Мир шел по коридору в сторону выхода. Устал как собака. На дворе — десятый час. Через полтора начинается очередная ночь в клубе, а ему хочется разве что сдохнуть, ну или поехать домой, упасть на кровать часов на десять, а потом встать, помыться, побриться и больше никогда… Никогда не возвращаться в это адское место.

Но все, что мог предложить ему этот несправедливый мир — это смотаться домой, сменить одежку и вернуться хотя бы часов до двух ночи, а потом уж можно и в люльку — после двух, обычно, веселье из опасного — яркого, превращается в вялое и довольно унылое — народ медленно расползается по берлогам.

Идя по коридору, сложно было представить, что через час здесь будет бурлить жизнь — сейчас вокруг было тихо, никто не носился, не сбивался с ног, гоу-гоу сегодня в зале быть не должно было, поэтому в гримерной — тишина. Их тренировка, а что бы ни говорила Амина, Мир точно знал их расписание, просто предпочитал не соваться, должна была давно закончиться, бар был заполнен и приведен в божеский вид еще в обед, поэтому в зале должно было быть так же тихо, как в остальном здании.

Но, почему-то, не было. Чувствуя подвох, Мир решил не врываться, распахивая дверь с ноги. Тем более, в этом и не было особой нужды — дверь оказалась приоткрытой.

Замедлив шаг, Мир буквально подкрался к дверному проему, остановился на расстоянии вытянутой руки, отступил к стене, заглядывая внутрь, взгляд упал как раз как было нужно — на сцену.

Сначала даже показалось, что на сцену пустую, а музыку, которая громыхала сколько есть мочи, будто кто-то забыл, но через пару секунд в поле зрение попала и фигура.

Дамир дернулся, будто от неожиданности. Тут же захотелось одновременно войти и смыться незамеченным. И мимолетно прокатилась волна гнева на себя — поведение ведь откровенно мальчишеское. Не за девушкой в бане же подсматривает… Хоть все равно подсматривает…

Выходить на свет — не вариант. Амина наверняка посчитает, что он стоял тут долго, разозлится, еще чего доброго — поскандалят на ровном месте, и неизвестно, кто первый сорвется, а денег жалко. Но и уйти почему-то не выходило — ноги будто вросли. Мир даже попытался дернуться обратно в коридор, но что-то не пустило — как смолой к полу присобачило.

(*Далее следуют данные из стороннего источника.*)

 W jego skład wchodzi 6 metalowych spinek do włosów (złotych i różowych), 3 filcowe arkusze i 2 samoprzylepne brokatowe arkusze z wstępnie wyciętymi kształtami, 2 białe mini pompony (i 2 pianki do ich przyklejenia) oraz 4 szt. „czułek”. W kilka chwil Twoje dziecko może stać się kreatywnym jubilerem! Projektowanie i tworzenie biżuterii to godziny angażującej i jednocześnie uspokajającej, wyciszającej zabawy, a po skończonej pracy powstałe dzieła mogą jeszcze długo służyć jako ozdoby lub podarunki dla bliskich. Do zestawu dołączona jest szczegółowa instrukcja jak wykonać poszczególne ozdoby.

Именно так он и объяснил себе тот факт, что больше рыпаться не пытался — застыл, дышать стал как-то осторожней, затаился, засмотрелся…

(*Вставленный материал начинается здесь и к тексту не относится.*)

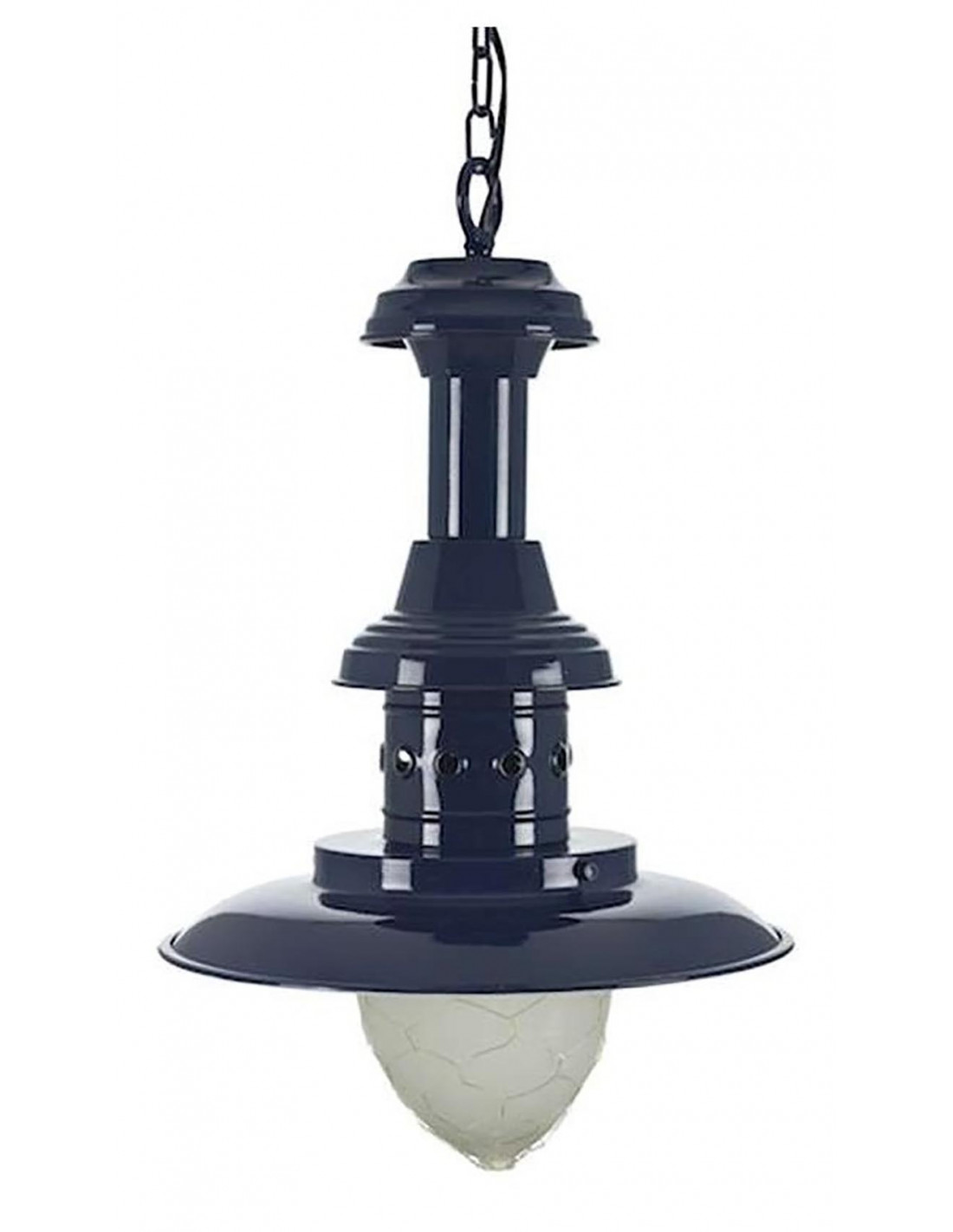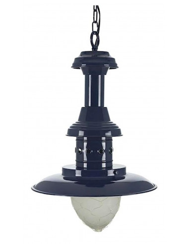 Lámpara náutica de pescador de colgar para el techo fabricada en hierro y pintada con pintura azul marino de gran durabilidad.

Амине-ханым плясала от души, с душой, бездушно. Плавно, когда хочется, чтоб было нежно, резко, дерзко даже, когда музыка требует какой-то шалости.

Это был танец, который Мир уже несколько раз видел во время их ночных шоу. Он сам их не любил. Не любил и не понимал. Искренне не верил, что найдется сумасшедший, который станет ходить в Баттерфляй, чтобы насладиться этим зрелищем. Дело вкуса, конечно, но ему это казалось пошлым, раздражало.

А вот сегодня нет. Шли минуты, а раздражение не наступало, было просто интересно. Интересно и захватывающе…

Амине было что сказать с помощью тела, Мир, застыв, наблюдал уже за третьим танцем, после каждого обещал себе смыться по-тихому, но «смола» все никак не отпускала, приходилось стоять.

Мужчина понимал, что оправдание так себе, но оторваться от созерцания тоже не мог.

Смотрел на ее длинные голые ноги, на напряженные икры, на худые лодыжки, на выпуклые коленки и явно очерченные мышцы бедра. Смотрел на плоский живот, голый, потому что Амина закрутила майку под грудью. На грудь тоже смотрел, хоть и пытался отвести взгляд. На не то, чтоб выдающуюся, но очень пропорционально подходящую. На ключицы смотрел — выпирающие. На губы — то расплывающиеся в улыбке, то сжатые, то влажные после того, как по ним проведут языком, то пересохшие. На глаза не смотрел — глаза у Амины вечно блуждали, да и слишком далеко стоял.

Она была очень необычной женщиной. И ведь девушкой даже не назовешь-то особо. Не потому, что возраст уже не девичий, а потому, что девушки — они проще, они понятней, они из меньшего количества вопросов состоят. А тут не то, что загадка — а сложная ловушка с миллионом встроенных секретов.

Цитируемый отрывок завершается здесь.